→ **PROBLEM STATEMENT**
Go through the listing below and retype exactly the lines starting at the one with "íbúðin er staðsett" and ending at the one with "オリジナルの人生史ソング(3", skipping pictures.
*** THE DATA ***
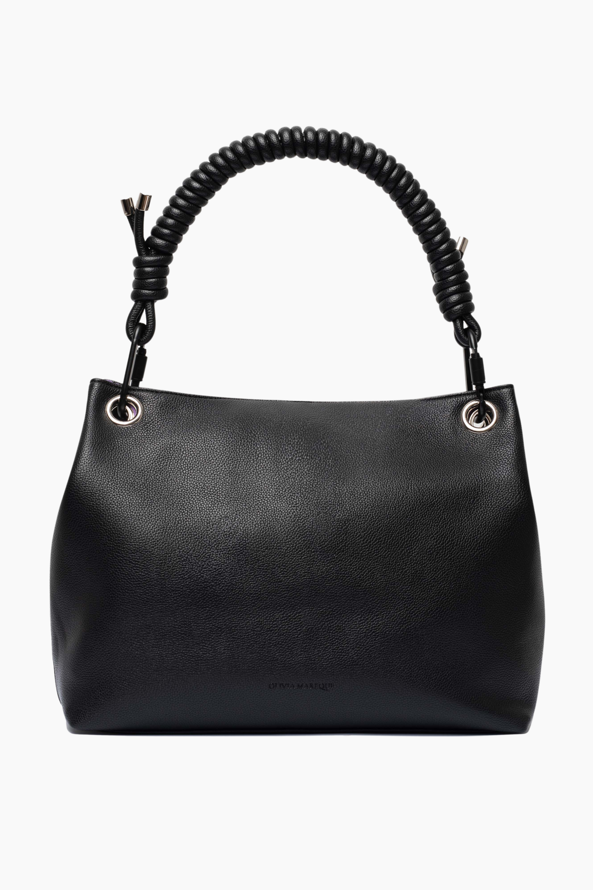 Large shoulder bag made with vegan leather in black. You have the possibility to choose between nylon handle, leather handle or both. Inside it has a zipper compartment. Its size is perfect to carry everything you need in your daily life.
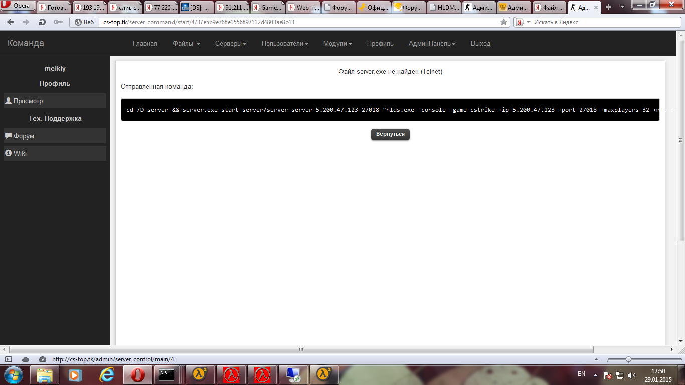 Синтаксическая ошибка в имени файла, имени папки или метке тома. Warning: file(res:///PHP/C:\server\C:\server\pid.txt): failed to open stream: Invalid argument in server.php on line 1 Warning: Invalid argument supplied for foreach() in server.php on line 1 Синтаксическая ошибка в имени файла, имени папки или метке тома. PsExec v2.11 - Execute processes remotely Copyright (C) 2001-2014 Mark Russinovich Sysinternals - www.sysinternals.comCommand: cd /D C:\server && server.exe start C:/server/C:/server server 5.200.47.123 27018 "hlds.exe -console -game cstrike +ip 5.200.47.123 +port 27018 +maxplayers 32 +map de_dust2 +sys_ticrate 250"
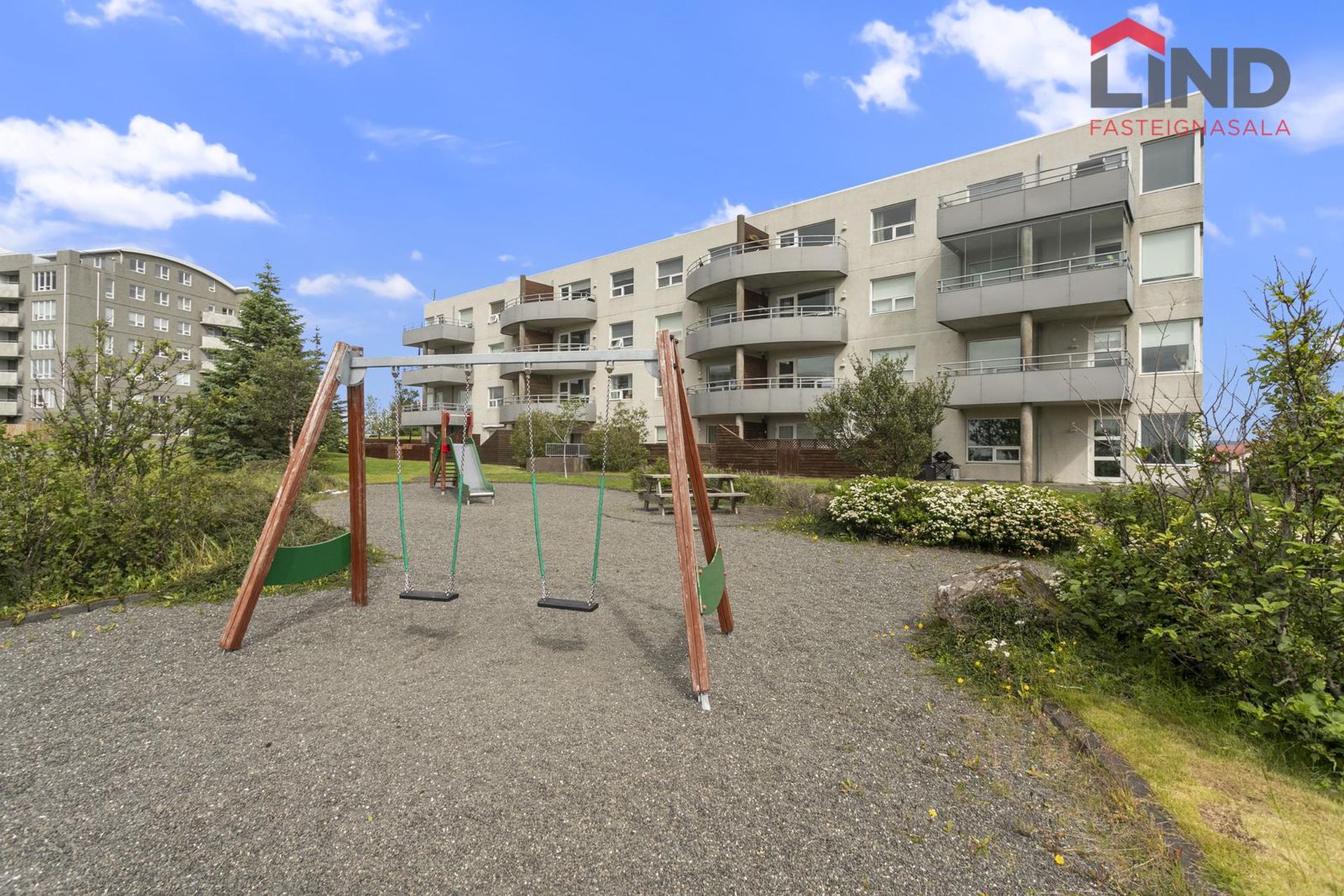 íbúðin er staðsett garðmegin í húsinu, ekki er því ónæði frá umferð. Leikvöllur fyrir börn er í garðinum með rólum og rennibrautun , og að auki er fullt af leiksvæðum í nágrenninu
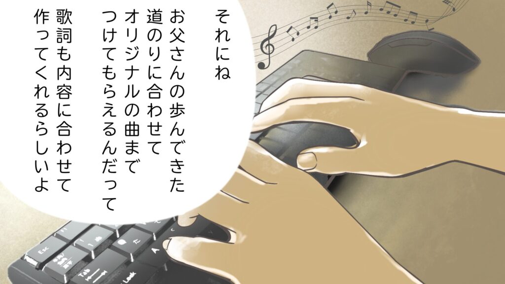 オリジナルの人生史ソング(3〜5分)を制作し、感情を込めたミュージックビデオとして仕上げます。
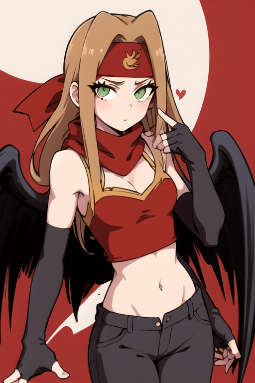 Fl4megirl, 1girl, solo, long hair, brown hair, black gloves, navel, cleavage, medium breasts, green eyes, black wings, midriff, black pants, fingerless gloves, red crop top, headband, hair intakes, elbow gloves, bandana
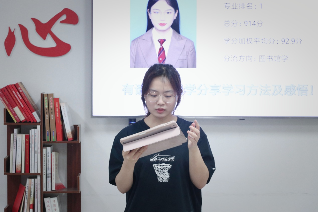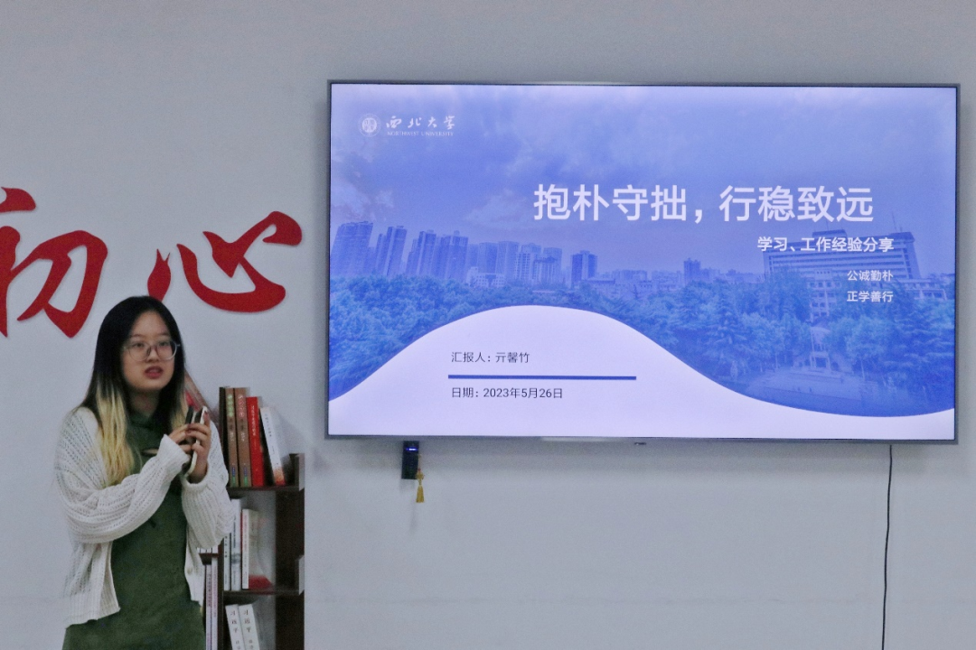随后,2021级图书馆学专业亓馨竹以“抱朴受拙,行稳致远”为主题进行学习、工作经验分享。亓馨竹学姐就个人学业情况、党团学工工作经历、科创竞赛参与概况、志愿服务参与情况进行了详细介绍,详细解答了同学们的疑惑,为同学们之后的学习生活提供了借鉴。
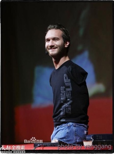 尼克胡哲(英语:Nick Vujicic,1982年12月4日生于澳大利亚墨尔本),塞尔维亚裔澳大利亚籍基督教布道家,“没有四肢的生命”(Life Without Limbs)组织创办人。他天生没有四肢,但勇于面对身体残障,创造了生命的奇迹。
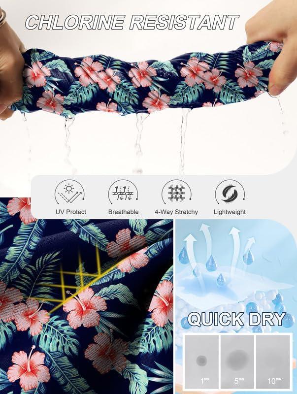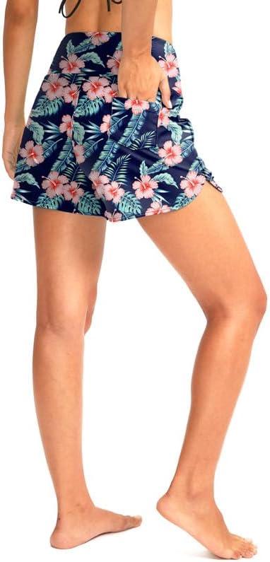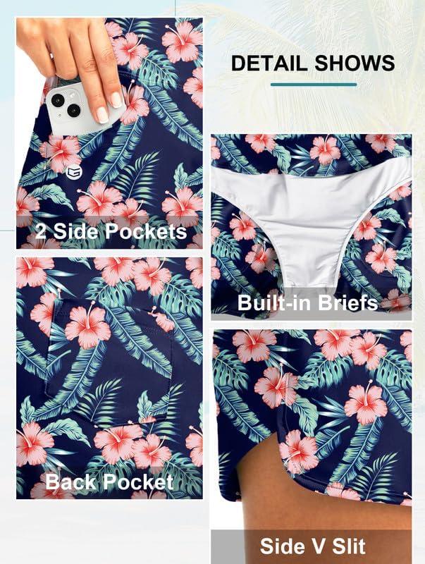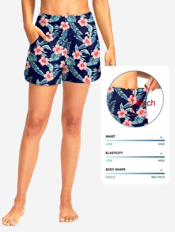 G Gradual Women’s 3″ High Waisted Swim Board Shorts with Pockets Quick Dry Swimsuit Bottoms Bathing Suit for Women with Liner(Navy Flower)
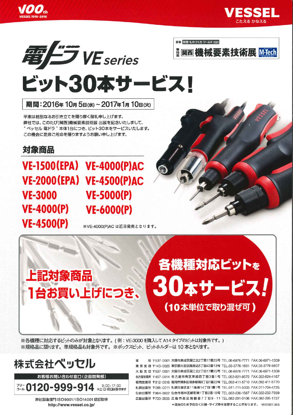 平素は格別なるお引き立てを賜り厚くお礼申し上げます。弊社では、このたび[関西]機械要素技術展 出展を記念いたしまして、”ベッセル 電ドラ”本体1台につき、ビット30本を...
***
→ **RESULT OF THE EXERCISE**
 íbúðin er staðsett garðmegin í húsinu, ekki er því ónæði frá umferð. Leikvöllur fyrir börn er í garðinum með rólum og rennibrautun , og að auki er fullt af leiksvæðum í nágrenninu
 オリジナルの人生史ソング(3〜5分)を制作し、感情を込めたミュージックビデオとして仕上げます。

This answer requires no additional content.